8.03.2003

McCoy Tyner Trio, Damrosch park Band Shell,8/2/03
Lincoln Center Out of Doors Series.
Charnett Moffett – bass, Al Foster – drums

Packed, overflowing Damrosch Park. Good to see so many people out to hear this particular strain of American culture.

Acoustic music sounds good in a small room. The space of the room is an additional member of the band. No music sounds good in a festival setting. It’s unreasonable to expect it. The only loud thing that sounds good in a huge open space is thunder. When any music is played loudly through PA speakers outside the highs sound tinny, the mids sound flat and the lows sound muffled and boomy. You go to these concerts for the spectacle and large scale mutual appreciation, and to see how an artist handles approaching such a large audience.
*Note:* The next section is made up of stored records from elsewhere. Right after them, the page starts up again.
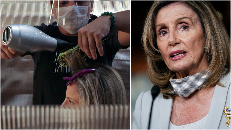 Theo phóng viên địa phương, những người biểu tình là “những khách hàng tức giận”, đã treo máy sấy và máy uốn tóc lên một cái cây trước nhà bà Pelosi. Họ gọi việc bà đến tiệm làm tóc, trong khi bên ngoài tích cực thúc đẩy các biện pháp chống dịch, là “đạo đức giả”, yêu cầu bà “quay trở lại làm việc” và nhanh chóng thông qua dự luật hỗ trợ COVID-19 ở Washington.
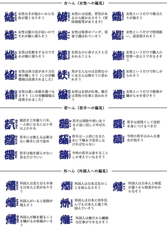 正しいからといって押し付けるのでは、人々や社会は動かない。しかし、いつも親しんでいたものがある日突然変わっていたら・・・興味を持ってもらえるかもしれない。お鮨屋さんによくある魚ネタの漢字湯呑みをハックしたデザイン。女性職人への偏見は女へんの漢字、若手職人への偏見は若へん、外国人への偏見は外へんの漢字を造語にしました。
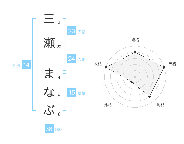 三瀬 まなぶさんの総格は38画の4点!
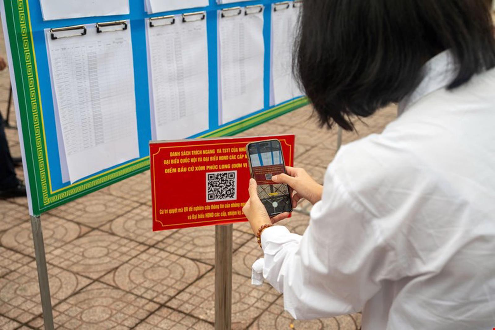 Cử tri có thể quét mã QR để theo dõi danh sách trích ngang và tiểu sử tóm tắt của những người ứng cử đại biểu Quốc hội và đại biểu HĐND các cấp. Ảnh: QH
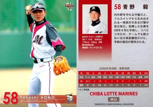 Nombre comercial en japonés: BBM/レギュラーカード/BBM2009 千葉ロッテマリーンズ M52 [レギュラーカード] : 青野毅

The other traditional hazards of festival jazz were also firmly in place -- some tired, grumpy turf-war crowd vibes peppered in among the slightly forced excited happiness. Worst of all, though, was the fact that the musicians were playing to what they thought the crowd wanted -- relaxed accessibility.

The disappointment of comparing what you hear now with what you hear on the Coltrane records, or on Tyner’s own work from the sixties and early seventies, is fairly keen. It makes you want to go home and put on Extensions. Tyner still had a few good moments, though. Seeing him in a club is obviously a much better experience.

The high point was an oud-like Moffett bass solo built around a monochordal Arabic scale vamp. Some beautifully placed extended techniques used to develop and broaden the melodic and rhythmic content of the solo rather than to just show off the extended techniques. I remember hearing Sonny Rollins here a few years ago and the high point of the concert was also an Arabic scale based solo by Rollins. Is there something about this space that brings this out?